Minecraft is a huge game, one that millions of kids, and many adults, play for hours every day. Although players can fight each other, the game has always been set up for cooperation more than competition. That will change in June when Microsoft and Mojang launch Minecraft Battle, the first of a series of Mini Games coming to Minecraft on consoles.
Read on for our first-hand Minecraft Battle impressions and gameplay video!
From Hunger Games to Battle
The PC version of Minecraft supports mods, some of which add player-created modes and game types. The Hunger Games is one such mode that has become quite popular. It mixes the gameplay of Minecraft with the concept of The Hunger Games novels and movies. Players fight to outlive each other while dealing with existing Minecraft survival mechanics. Kids love The Hunger Games and they love Minecraft, so the popularity of the mod makes perfect sense.
Console versions of Minecraft don't offer mod support, but they will soon be getting the equivalent of developer-created mods via the upcoming Mini Games menu. Mini Games allow Microsoft and its partners to offer unique game types and experiences separate from the normal Minecraft game types.
The first such Mini Game, Minecraft Battle, comes from 4J Studios, developers of the console editions of Minecraft. Minecraft Battle functions as a simplified version of The Hunger Games mod, dropping the support for different character classes but maintaining the basic competitive structure. The goal remains the same: to kill off the other players and be the last one alive when the game ends.
Minecraft Battle supports 2-8 players. Up to four players can play from a single console on Xbox One. Split-screen players can join online games too, just like the base Minecraft game.

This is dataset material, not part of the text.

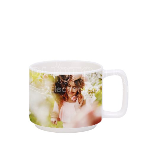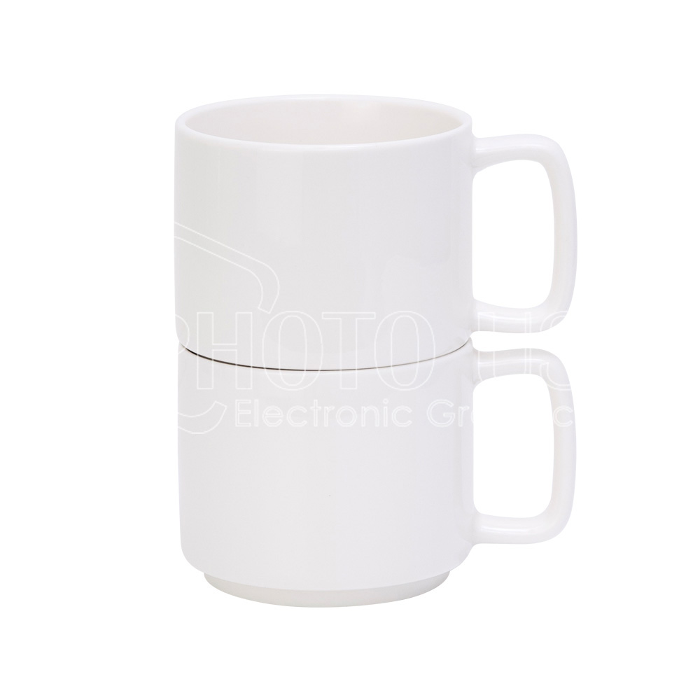 This 11 oz sublimation stackable coffee mug features a chic square handle and has an attractive modern silhouette. The stylish look makes it an ideal serving mug option for bars & restaurants, as well as every modern home.
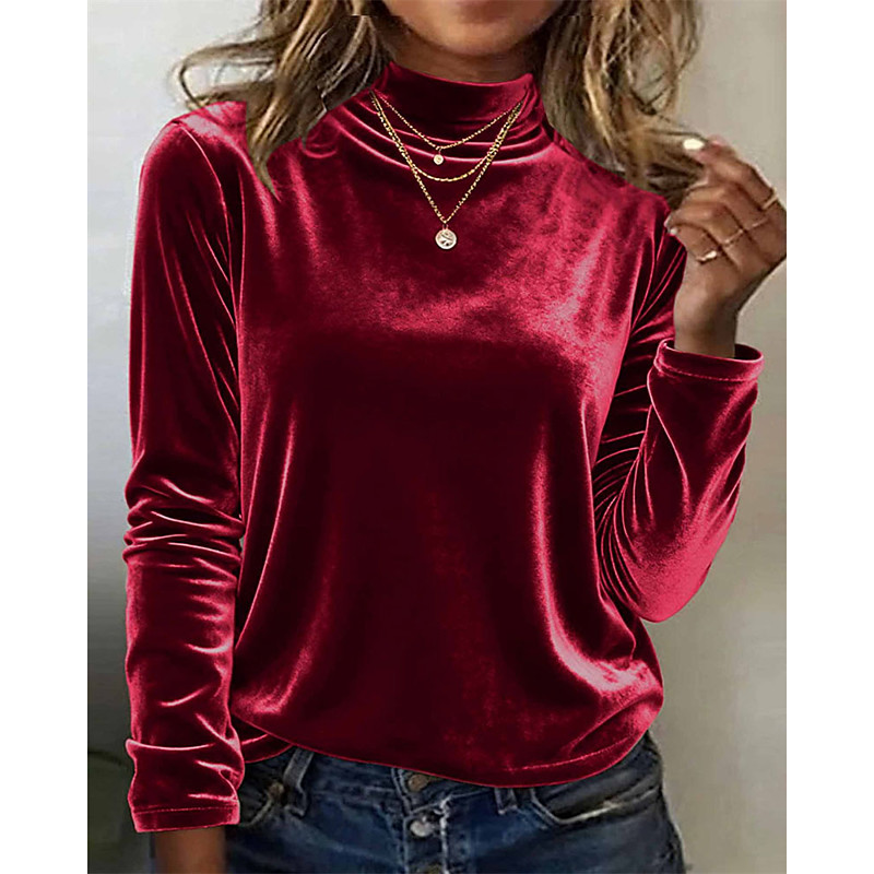 Christmas Women's Velvet Blouse Dressy Tops Solid Color Plain Elegant Vintage Daily Long Sleeve High Neck Regular Tops Work Daily Holiday Ruched Patchwork Draped Black Wine Brown Spring Fall

As mentioned earlier, the goal in Minecraft Battle games is simply to defeat everyone else and be the last person alive. This Mini Game doesn't offer different PvP game types like Team Deathmatch or Capture the Flag, just the vanilla Battle mode. Still, the host can customize the experience with a few options:
- Online or offline: For local multiplayer games, you can prevent the game from allowing online players.
- Invite Only: Keep out the riffraff by requiring invites.
- Allow friends of friends: By default, only friends can join an online Minecraft game. This option lets your friends' friends join as well.
- Round Length: Set the game duration from three to 60 minutes, or Unlimited.
- Hunger Rate: Slow, Normal, or Fast. The hunger mechanic can't be turned off, which seems like a major oversight. I dropped dead from hunger before I realized you have to eat even in Battle. The Slow rate really minimizes the need for food, though.
- Item Respawn: Choose how long it takes for items to respawn inside chests, from 30 seconds to five minutes or no respawns.
- Grace Period: At the start of every round, players have a period of time in which they can collect items and move around without being able to harm each other. This can range from five to 30 seconds or be disabled.
- Enable Showdown: When the end of the round nears because everyone else has died or time is running out, the game goes into Showdown and reveals the Gamertags of the remaining participants. Not sure why you'd turn this off.
- Allow All Skins: Some skins have been deemed "unfair" due to their effect on the player's hitbox size. This option will prevent those skins from being used and is on by default.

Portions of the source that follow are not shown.